Trotter's Treats

     Legend has it that long ago, one of my ancestors was a master candy maker. His specialty was a unique item made of chocolate, fancy nuts, cream filling, and other ingredients that were a highly guarded family secret. He sold his product under the simple name of Trotter's Treats, or simply TT's. Demand was always high for his confection, and rumor is that he made a lot of money - for those times - selling it.

     This ancestor also had an eccentric quality about himself and how he promoted his candy to the consumers. You see, he sold it only in little boxes of 4 treats or 7 treats per box. That's right, just 4 or 7. It didn't matter to him. Take it or leave it, he always said.

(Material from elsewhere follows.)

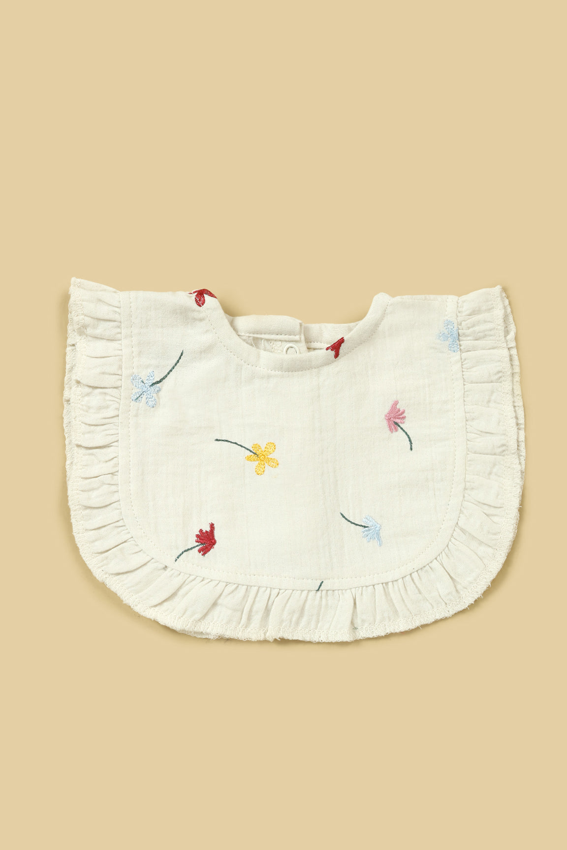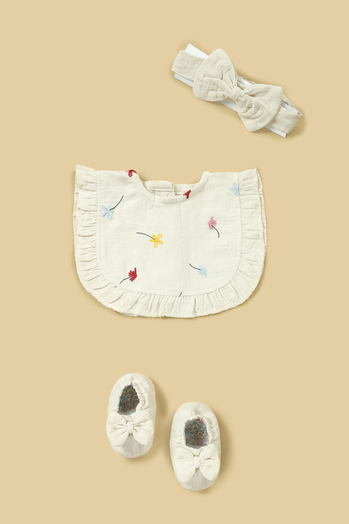 Floral Embroidered Muslin Baby Gift Set (Bow Headband, Shoes, Bib)

     The people didn't mind either, as long as they were buying for themselves and their immediate families. The trouble arose when someone who was planning a party for example, and wanted to buy an exact number of the candies in order to give each guest exactly one of the TT's. They had to calculate carefully about how many of each size to buy.

     For example, for a party of 30 persons, the host or hostess could buy 4 boxes of 4 treats and 2 boxes of 7 treats. The math looks like this:

4 boxes x 4 treats = 16 treats
2 boxes x 7 treats = 14 treats

     And 16 + 14 = 30. That's how they did it. Simple, don't you agree?

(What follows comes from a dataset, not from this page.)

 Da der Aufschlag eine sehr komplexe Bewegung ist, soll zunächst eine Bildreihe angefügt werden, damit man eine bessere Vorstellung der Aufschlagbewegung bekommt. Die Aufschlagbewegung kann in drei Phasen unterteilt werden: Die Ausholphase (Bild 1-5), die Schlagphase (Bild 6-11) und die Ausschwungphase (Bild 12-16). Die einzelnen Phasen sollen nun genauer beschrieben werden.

     Over the years the people showed great interest in calculating just how many boxes of each size would be needed to make any given number of TT's. Sometimes they even found more than one way the purchase could be made, but other times, to their great puzzlement and wonder, they found certain numbers could not be exactly produced.

     For example, no one doubted that exactly 10 treats could not be purchased. Two boxes of 4, giving 8, were too few, while any other additional box of 4 or 7 would be too many. Likewise, one box of 7 was too few, and an additional box of 4 gave 11.

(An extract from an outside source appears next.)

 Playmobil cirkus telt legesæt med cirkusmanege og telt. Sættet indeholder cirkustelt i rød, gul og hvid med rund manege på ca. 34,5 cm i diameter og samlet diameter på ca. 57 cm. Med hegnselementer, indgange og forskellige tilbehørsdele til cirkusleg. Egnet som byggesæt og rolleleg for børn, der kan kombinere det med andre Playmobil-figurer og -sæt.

     So the challenge then became: what was the largest number of TT's that could NOT be purchased? Can you find that number?

     Later on, this wily old chap decided to change things a little. As the economy of his time was expanding, he decided to increase the number of treats in the small and large boxes to 5 and 8. The townspeople saw this as merely a new challenge. The debate then became: what was the largest number of TT's that could NOT be purchased now?

     Eventually, the math teachers in the town began to realize that there was a great opportunity here to involve their students in some good problem solving. So they began asking their students to try different box sizes, like 3 & 5, 4 & 9, 6 & 7, and so on. The students then prepared reports on their investigations. Very interesting results were found. Some students even found a formula!

     So how about you? What can you do?

     Good luck, and let me know.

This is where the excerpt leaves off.